[Stored items]
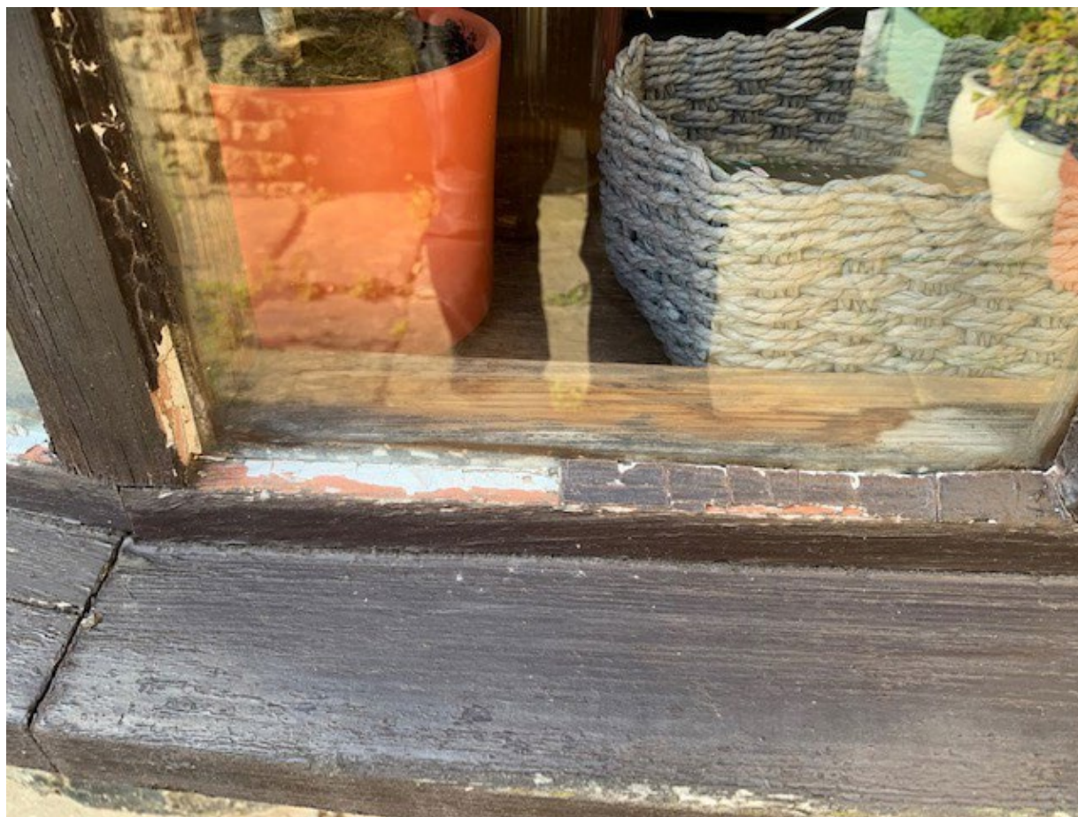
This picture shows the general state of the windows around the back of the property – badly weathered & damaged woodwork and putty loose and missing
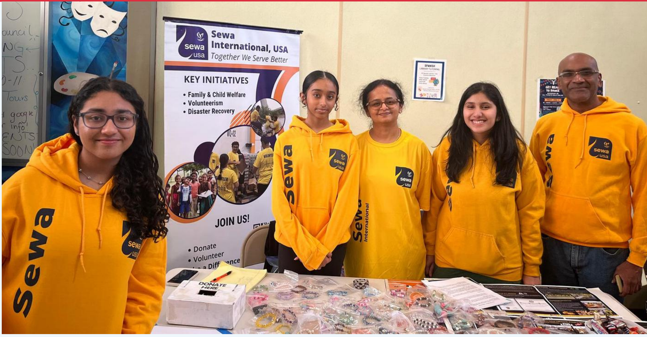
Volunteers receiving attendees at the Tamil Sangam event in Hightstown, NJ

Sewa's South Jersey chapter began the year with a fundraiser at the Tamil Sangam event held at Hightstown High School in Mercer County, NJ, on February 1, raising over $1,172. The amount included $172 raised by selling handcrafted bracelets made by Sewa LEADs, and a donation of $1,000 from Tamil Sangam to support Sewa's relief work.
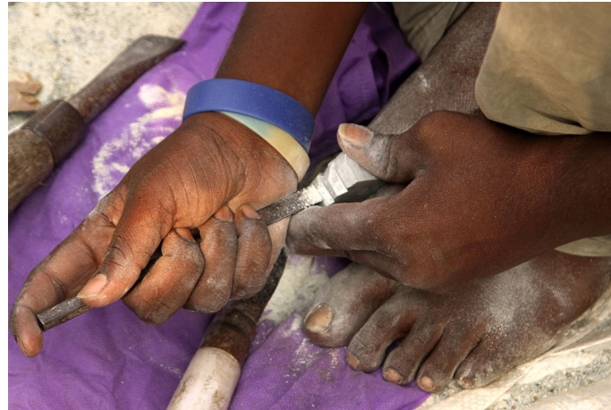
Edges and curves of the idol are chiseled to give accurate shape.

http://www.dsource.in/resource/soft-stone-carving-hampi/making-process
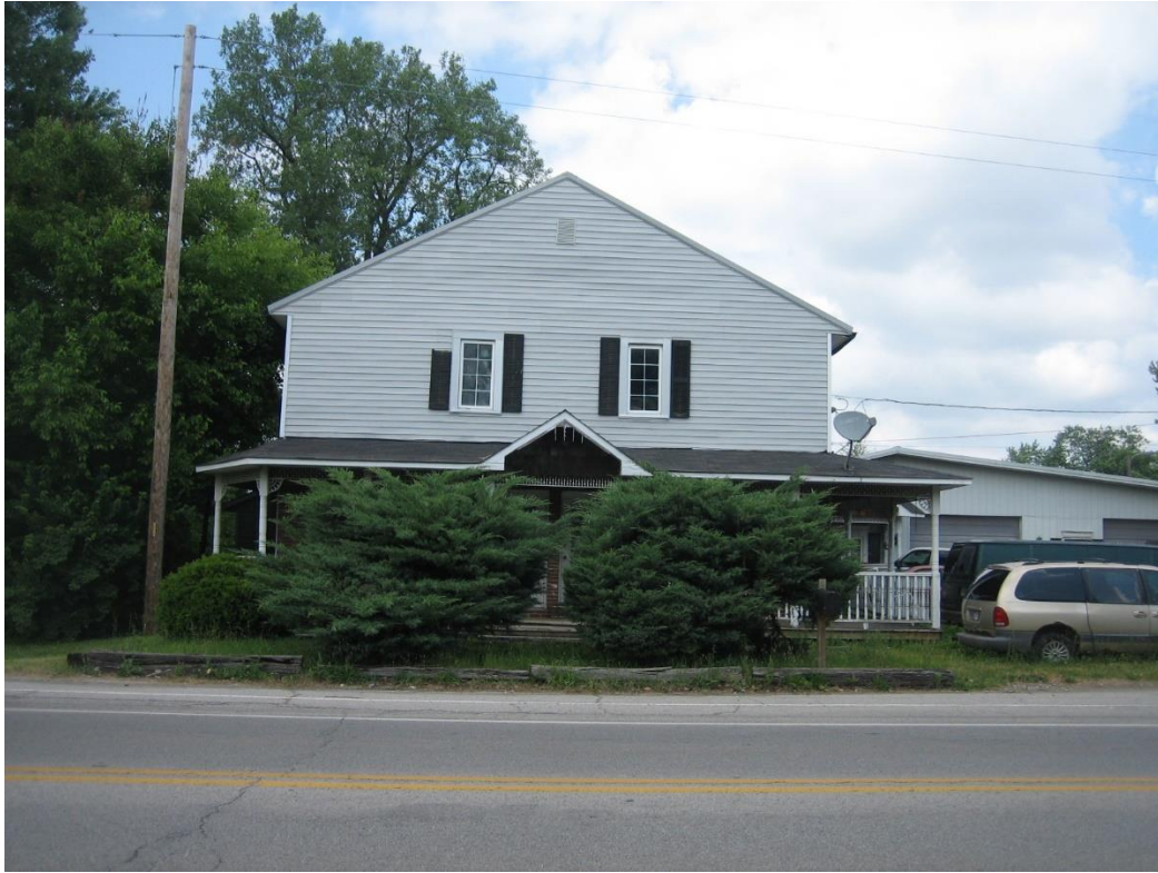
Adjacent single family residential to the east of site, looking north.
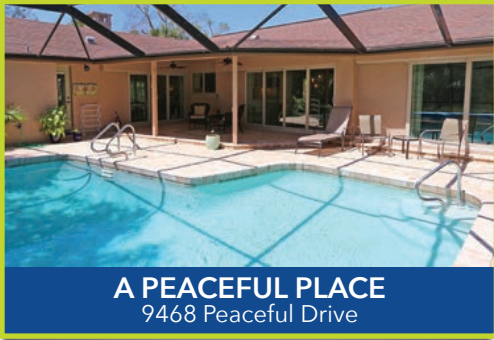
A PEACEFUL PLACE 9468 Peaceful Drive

- Aim of the exercise:
Copy only the lines running from the one that holds "Adjacent single family" through the last line of the data, and include both of those lines. Do not copy any pictures.

- Exercise response:
Adjacent single family residential to the east of site, looking north.
A PEACEFUL PLACE 9468 Peaceful Drive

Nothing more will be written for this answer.